どの街もだがマフィアが昼に手を出してくる事は滅多にない、人気の多い場所では特にだ。大体は夜に揉め事が起きる。
だから取り敢えず夜までは繁華街でモスティマと食べ歩きをする事にした。
それにこっちにとっても夜が好都合だからだ。なんてたって今日で奴らのマフィアを壊滅させるんだからな。
「それにしてもここは街の変わり具合が面白いな龍門のスラム街と活気ある近代街のギャップも良いがここは高層ビルがあるにも関わらず古風の建物も入り混ざってる。」
「そういった街の中の違いを見るのも食べ歩きの醍醐味だね。」
「ほんとほんと…あむ。美味かった。ごちそうさん。」
モスティマの言葉に同意しつつ、残ったアイスクリームのコーンを噛み砕いて飲み込む。
「あ、ケイオス。ほっぺにアイスが付いてるよ」
「マジか、どっち?」
「左だね。」
「お、ありが…」
俺は頬にアイスが付いてるのを指摘され自前のハンカチで拭おうとした。が
「あーんむっ…」
「………は!?!!?」
モスティマが突然頬のアイスをその青い舌で舐めとった。
「な、ちょ、おままま…!?」
「ん、いいねこの味、丁度良い甘さかも」
「あぁ、良いフレーバーだろ…じゃねぇよ!?いきなりこんな事してくるなんて狂ってんのかモスティマ!?」
急な行動に驚く俺を見てモスティマは笑った。こ、コイツ〜!人が初心な反応してる所笑いやがって…!俺だって羞恥心ぐらいあるんだぞ!と言いかけてその言葉を飲み込んだ。危ない危ない…
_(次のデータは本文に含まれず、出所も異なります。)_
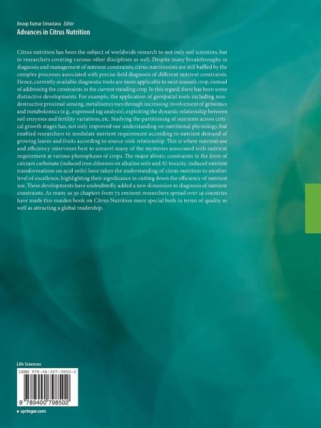 Plant Nutrition and Defense Mechanism: Frontier Knowledge.- Antioxidant System in Citrus under Nutrient Stress Conditions: Latest Developments.- Phytopnoic Nutrients in Citrus : Biochemical and Molecular Evidence.- Foliar Nutrition: Current State of Knowledge and Opportunities.- Leaf Analysis in Citrus : Interpretation Tools.- Leaf Analysis in Citrus : Developments in Analytical Techniques.- Juice Analysis in Citrus: Latest Developments.- Trunk Nutrition.- Non-destructive Proximal Sensing for Early Detection of Citrus Nutrient and Water Stress.- Spectral Response of Citrus and their Application to Nutrient and Water Constraints Diagnosis.- Soil Enzyme Activities and Soil Fertility Dynamics.- Surfactant and Nutrient Uptake in Citrus.- Rhizosphere Microbial Communities: Isolation, Characterization and Value Addition for Substrate Development.- Biodynamic Soil Fertility Management.- Nutrient Use Efficiency in Citrus.- Nitrogen Citrus : Signal, Nutrient and Use Efficiency.- NitrogenMetabolism in Citrus Based on Expressed Tag Analysis.- Variable Rate Application of Fertilizer in Citrus.- Open Field Hydroponics: Concept and Application.- Fertigation: Concept and Application in Citrus.- Nutrient-Hormone Interactions in Citrus: Physiological Implications.- Lime-Induced Chlorosis in Citrus: Diagnoses Through Physiological and Metabolic Evidences.- Mycorrhiza in Citrus: Growth and Nutrition.- Organic Citrus: Soil Fertility and Plant Nutrition Management.- Integrated Nutrient Management in Citrus.- Citrus Best Management Practices.- Economic Analysis of Conventional and Alternative Nutrient Management Approaches.- Assessing Salinity Tolerance in Citrus: Latest Developments.- Physiological Responses and Tolerance of Citrus to Aluminum-Toxicity.- Fruit yield Estimation Through Multi-Spectral Imaging.

「フフッ、そんな驚いた君を見るのも久々だね。でも確かにちょっと私は昂ってるのかも知れないな」
「昂ってるねぇ…昂る理由が分からんよ俺には…」
そう言うとモスティマは真っ直ぐ俺の方を向いて言ってきた。
「いや、原因は君だけど。」
「あの村の時といい、なんで原因が俺なんだ?確かに久々だが…」
「君があの日、私に有無を言わせず消えたからじゃ無いか」
「……それに関してはすまないと思っている。付き合いが長かったお前に別れ言葉だけ言って去っていったんだからな。」
「あの後、私は結構悲しんでいたんだよ?あまりに突然過ぎたし、卒業間際だったけどまだ君と居られると思っていたからね。だからあの日に君がいなくなるなんて考えてもみなかった。」
「……うむ、何も言い返せんな」
「まぁ、あの後公証人役場の機密事項を見て何があったかは知っているけどね…それに…」
「それに…?」
そう聞くとモスティマは自身を嘲笑うように言った。
「あれだけ一緒に居たのに気付けなかった自分に嫌気がさしたのさ。」
「…はっ、お前が気にする事じゃねぇよ。俺が敢えて言わなかっただけだ…」
「あの時の私はそんなに頼りなかったのかな…?」
俯きながらもグッと俺の腕を握ってくるモスティマ
「そんな事は…」
そんな少し感情的になっている珍しいモスティマを前に俺は少し口淀んだ。頼りなかったわけではないが、無駄な心配はあまりかけたく無かったのだ。それにいくらモスティマとは言ってもあの環境じゃきっとどうにもならなかっただろう。まぁだからこそのあの結果だったわけだが。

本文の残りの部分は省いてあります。